Vertical integration

Contrary to horizontal integration, this is a competitive strategy that occurs when a company operating within a particular supply chain decides to buy another company within the same supply chain.

Vertical integration is split into two:

Forward integration

This is where a company buys the distribution channels that help to distribute their good or services.

A great example is when a bread company can buy the trucking company that transports their loaves of bread to retailers in different locations.

Backward integration

It’s where a company purchases units that supply them with raw materials.

For example, a bread company can buy the company that supplies them with raw material to make the bread.

Vertical integration is mostly used by companies that want to eliminate overall costs and also activate the supply chain operations. Again, vertical integration helps a company to control the activities of the raw ingredients company or the trucking company.
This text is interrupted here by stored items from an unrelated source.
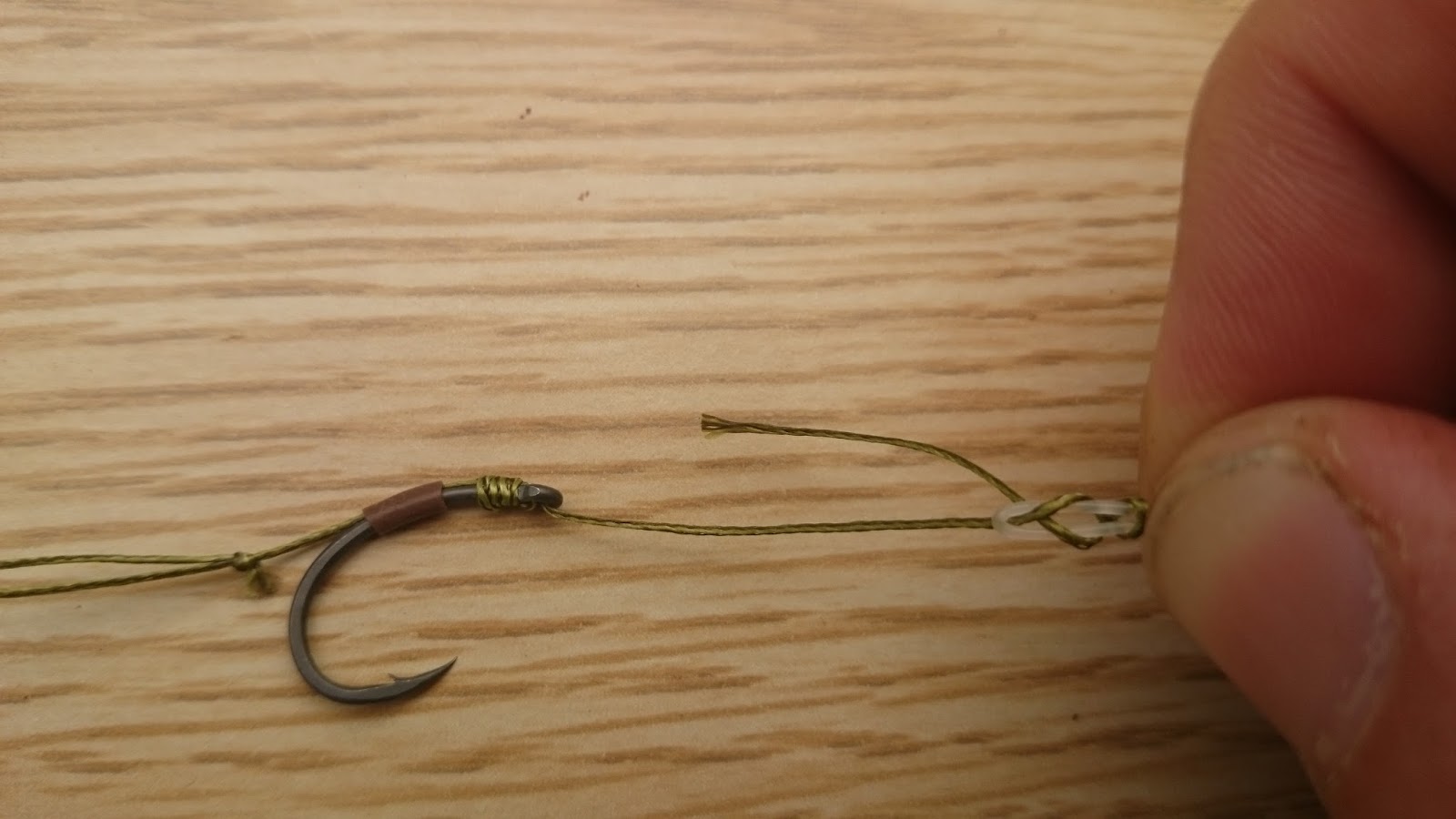 En la otra punta del fluorocarbono formaremos un bucle doblándola y sujetándola entre los dedos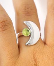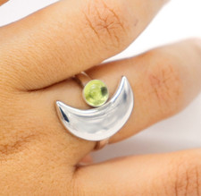 Moon Ring with Peridot Adjustable• Sterling Silver Crescent Ring • Boho Ring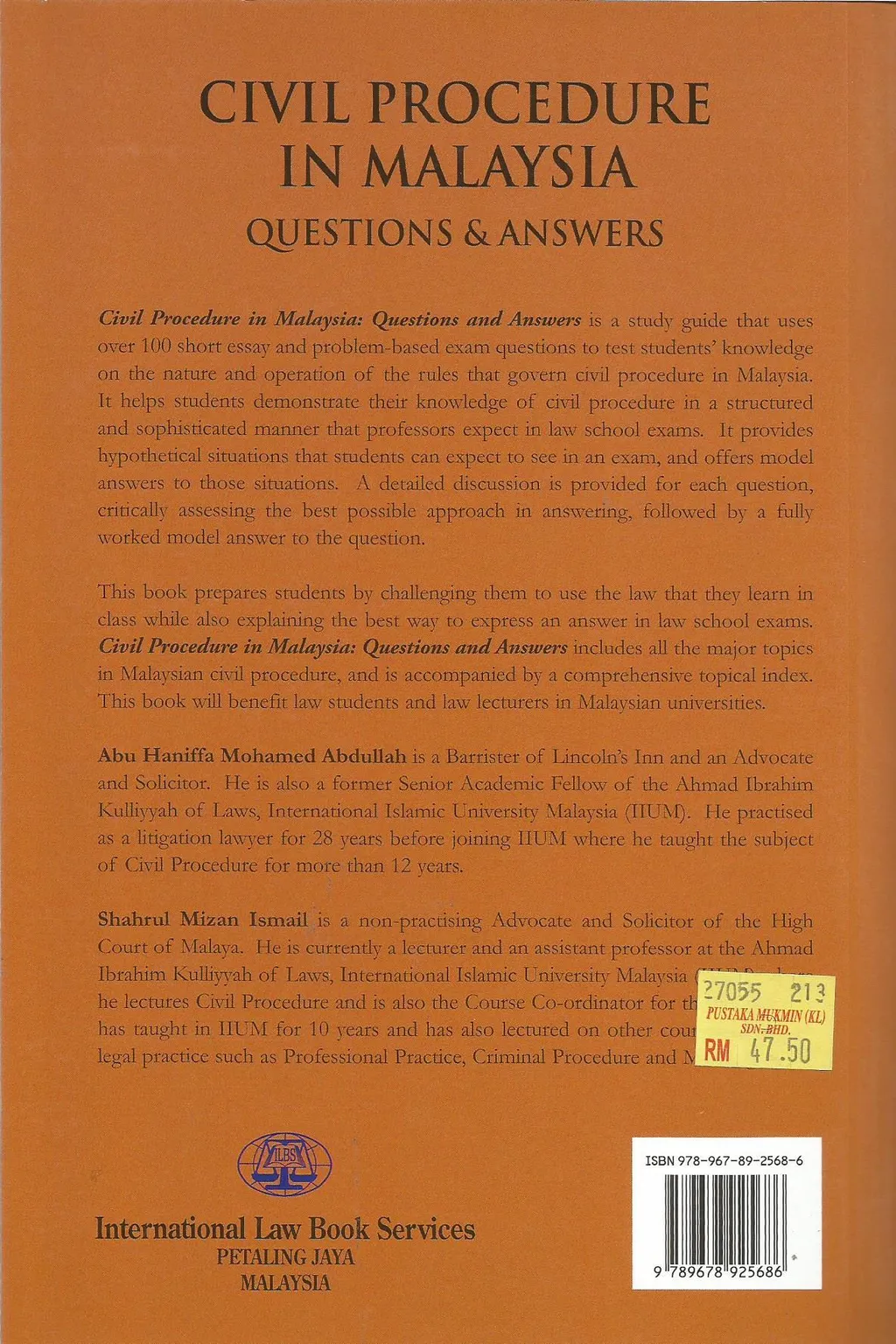 Janab's key to civil (2001). However, the application process has been simplified for foreigners, since now all the necessary information and forms are available in english. Questionnaire of civil servant engagement index (ikpa) 2018. This edition doesn't have a description yet. Lecture notes with cases on the civil procedure in malaysia. If you fulfill the requirements Includes the trademark act 1976 and the specific relief act 1950 and the procedural laws include the order 87 of the rules of the court 2012 and the order 100 of the rules of the high court 1980. General rule on representation in civil proceedings in malaysia. Malaysia is also home to some of the cheapest, affordable, low tuition fees universities in the world. Awareness of emergency procedures among immigration officers. Depositions of witnesses upon written questions. It sets out the procedure for use of depositions in court. He furthered his studies and obtained his llm in international human rights law from the university of nottingham, united kingdom in 2007 and phd from national university of malaysia in 2013.

Some of the real-world examples include:

  • Alibaba owns the entire system of a search engine, payment, delivery, among others.
  • Ikea bought forests in Romania so that it can independently own the raw materials.
  • Apple controls all its production and distribution processes.
  • Google acquired Motorola, a smartphone producer in 2012.
  • Amazon is producing Kindle Fire Tablets so that customers can read books with them.

Key Differences Between Vertical and Horizontal Integration

There are two ways a company can realize growth; vertical and horizontal integration
A company can achieve growth through vertical or horizontal integration


Horizontal integration takes place when a company purchases another in the same industry or with the same operational activities. Conversely, vertical integration takes when a company acquires a company in the same supply chain.


While horizontalintegration aims at ensuring the business size and production scale increases, vertical integration, on the other hand, aims at strengthening and smoothing the activities in the production-distribution process.


The best thing about horizontal integration is that it cuts off competition, which pushes the company’s market share. In contrast, vertical integration lowers the production costs and reduces wastage of time and resources.


Horizontal integration helps your company to take control of the market. However, vertical integration helps a company to control the whole industry.


Horizontal integration doesn’t bring self-sufficiency since the company will still need various functional departments to run smoothly but brings synergy. Contrarily, vertical integration promotes both synergy and self-sufficiency since it has acquired another functional level of the business.

Bottom Line

It’s no doubt that these two strategies play a critical role in expanding the company’s business operation and outwitting their competitors. Horizontal integration helps companies to obtain a considerable market share, whereas vertical integration smoothens the operation efficiency as well as enhancing profit margins. Beware! Before choosing between these strategies, consider your company’s growth objectives- both short-term and long-term.